What is needed
As soon as the line containing "KING EDWARD Toronto, Can." appears, start repeating lines exactly and continue to the end of the entries; please skip pictures.

:: Entries shown ::

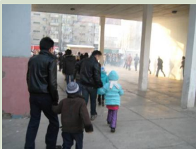
Evacuate with small grade students
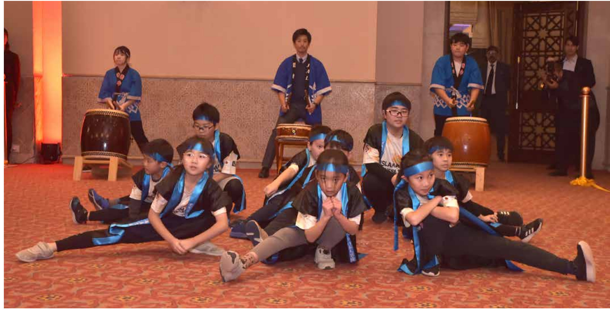
ISLAMABAD: Children presenting a martial art show on the occasion of Japanese emperor's birthday celebrations. -DNA
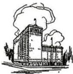
KING EDWARD Toronto, Can.
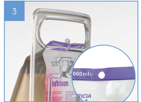
3 Using the hole at the top of the Pack hang from rear of Z-Stand
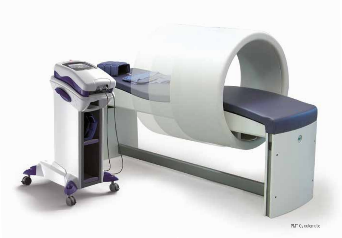
PMT Qs automatic
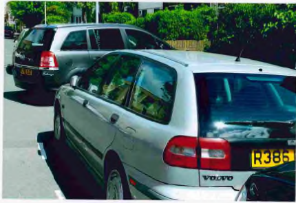
ATTEMPTING ENTRY/EXIT 22 SOUTHEY RD CROSSOVER.

:::

Answer below
KING EDWARD Toronto, Can.
3 Using the hole at the top of the Pack hang from rear of Z-Stand
PMT Qs automatic
ATTEMPTING ENTRY/EXIT 22 SOUTHEY RD CROSSOVER.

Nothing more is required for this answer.